# Who charges Per square foot?



## Lcp (Mar 5, 2011)

I live in the northeast, ive been in business 23 yrs and have never charged by the square foot. What are other contractors charging per sq ft for residential repaints?


----------



## timhag (Sep 30, 2007)

Please don't start this, do a search for this topic, read the threads. PLEASE!


----------



## daArch (Mar 15, 2008)

I charge by the gallon

BTW, you Living Color Painting that's listed in Maynard? 

If so, how's the Assabet doing ? I hear it's about to spew.


----------



## timhag (Sep 30, 2007)

daArch said:


> I charge by the gallon


Not by brush stroke?


----------



## daArch (Mar 15, 2008)

timhag said:


> Not by brush stroke?



Used to, but then it got confusing when I changed brushes. Do you charge more for using a 3" because its more production than a 2" or charge less because it takes less time ???


----------



## timhag (Sep 30, 2007)

daArch said:


> Used to, but then it got confusing when I changed brushes. Do you charge more for using a 3" because its more production than a 2" or charge less because it takes less time ???

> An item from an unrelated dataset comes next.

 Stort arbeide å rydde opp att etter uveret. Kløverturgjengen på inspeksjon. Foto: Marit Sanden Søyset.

1' = bronze 2" = silver and 3" = GOLD!


----------



## timhag (Sep 30, 2007)

timhag said:


> 1' = bronze 2" = silver and 3" = GOLD!


Or 3" bronze, 2" silver and 1" gold? I get confused also. :blink:


----------



## daArch (Mar 15, 2008)

timhag said:


> 1' = bronze 2" = silver and 3" = GOLD!


well what about a whizz roller, or a 9", or a 14".

This is all very confusing. Anyone have an excel estimating template that has all these different variables?


----------



## timhag (Sep 30, 2007)

daArch said:


> well what about a whizz roller, or a 9", or a 14".
> 
> This is all very confusing. Anyone have an excel estimating template that has all these different variables?

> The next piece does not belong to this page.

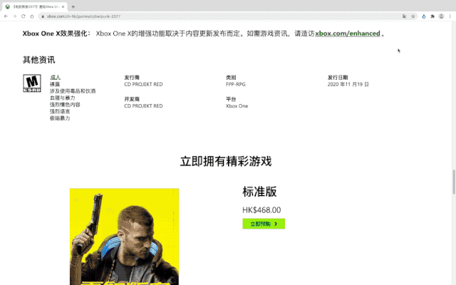 比如我想要关注 Xbox 版的《赛博朋克 2077》何时降价,就可以前往 Xbox 官网,找到该游戏的详情页,对其价格设置监控。一般游戏的打折都会持续几天,因此每天检查一次就足够了。
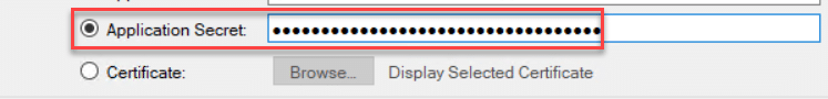 If you chose to use a Client Secret for authentication, click the Application Secret option and enter the Client Secret value you recorded earlier.

Maybe sqft pricing isn't all that bad. I think I'm on to something here! Wait! Now I'm confused again. How would you dovetail the bronze, silver and gold into the sqft system?


----------



## Wolfgang (Nov 16, 2008)

I'm waiting for Jack Pauhl to chime in on this one....


----------



## RCP (Apr 18, 2007)

Welcome to the forum lcp, you might want to post an introduction here and you will get a much warmer welcome!

The subject of square foot pricing is like the subcontractor topic, lots of different opinions! In general, pricing questions are frowned on because there are just too many variable to give a sensible answer. Use the search function in the upper right.

You will find a lot of good information here!


----------



## JoseyWales (Jan 8, 2011)

RCP said:


> Welcome to the forum lcp, you might want to post an introduction here and you will get a much warmer welcome!
> 
> The subject of square foot pricing is like the subcontractor topic, lots of different opinions! In general, pricing questions are frowned on because there are just too many variable to give a sensible answer. Use the search function in the upper right.
> 
> You will find a lot of good information here!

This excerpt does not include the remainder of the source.